Neulich war ich wieder einmal in Zürich – eine Ganztagesschulung bei einem Kunden, dessen Büros in der Nähe der Europaallee liegen. Nun bin ich alles andere als ein Fan der tristen, kalten, leblosen Beton- und Glas-Architektur, die diesen relativ neuen Teil der Stadt Zürich prägt. Aber, weil es das Restaurant, das ich eigentlich suchte, nicht mehr gibt (sie haben das Konzept geändert und verkaufen statt ausgezeichneter Burger jetzt mittelmässiges, dafür aber überteuertes, pseudo-indisches Essen), habe ich in der Verzweiflung die nächst-beste Alternative aufgesucht. Der Walliser Weinhändler Provins hat seit etwa einem halben Jahr an der Europaallee, genauer am Gustav-Gull-Platz 10, einen sog. “Concept Store” errichtet, wo nicht nur Wein verkauft wird, sondern auch noch andere Walliser Spezialitäten. Wo nicht nur verkauft wird, sondern wo an ein paar Tischen auch gegessen werden kann – Lunch, wie das Mittagessen auf neu- und yuppie-deutsch heisst. Ich mag solche Yuppie-Plätze nicht. Aber in der Not frisst der Teufel bekanntlich Fliegen, und ich begebe mich auch in einen “Concept Store”.

Ich hatte schon von draussen auf der Karte gesehen, dass Rinds-Tartar auf dem Angebot stand.

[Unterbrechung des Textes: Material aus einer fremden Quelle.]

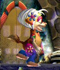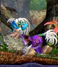 | Alfonso is Hatchery Purple Mountain Norn and is the companion of my other Norn, Allie (who's also up for adoption). As you can clearly see, he's a fan of Fig the Grendel's Fig Tree!  |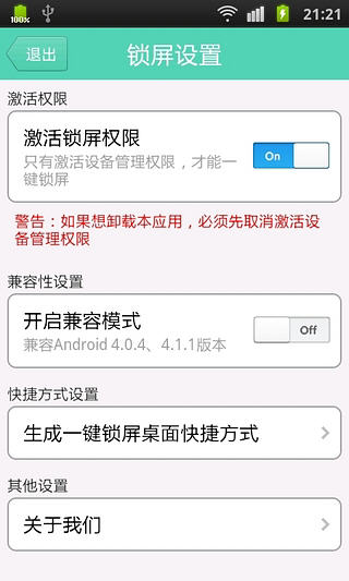 一键锁屏,简单快捷的一键锁屏方式,最大程度上帮你减少电源键的损坏,延长手机使用寿命。与其他同类软件相比,绝对是有过之而无不及。不相信的朋友,可以下来试试呀! 一键锁屏1.0.5版本更新内容 1.【新增】分享功能; 2.【修复】上一版本存在的问题。

Da ich gerade Lust auf so etwas hatte, bestellte ich eine kleine Portion davon. Und wurde überrascht. Hier wird kein Tartar aus der Wurst präsentiert. Das hier ist frisch gehackt. Relativ grob gehackt sogar. Die Gewürze inkl. Zwiebeln, werden dann gleich beigemischt. Dazu eine Portion Salat (der wiederum, und seine Sauce, nur durchschnittlich) und an der Stelle des üblichen Toast-Brots normales, dunkles Röst-Brot, das meiner Meinung nach geschmacklich bestens zum Tartar passte.

Ich bin dann später noch einmal “privat” hingegangen, sprich zu einer Zeit, als ich dann auch den Walliser Wein probieren konnte. Ich entschied mich für einen leichten Landwein, der mich nicht enttäuschte. Allerdings auch nicht überraschte. Ich werde in diesem Leben kein Freund von Walliser Wein mehr. Als Digéstif ein Gin, dessen Namen ich vergessen habe, und der auch auf der Getränkekarte im Internet nicht zu finden ist. Sehr fein, sehr würzig (Petersilie, Rosmarin). Wenn ich da nochmals vorbei komme, muss ich schauen, ob er nun auch zum Verkauf da ist. Gestern war nur noch der kleine Rest in der einen Flasche da…

PS. Das hier ist kein gesponsorter Beitrag! Aber zumindest das Tartar und den Gin von Wine & Co, wie der Concept Store heisst, sind äusserst empfehlenswert.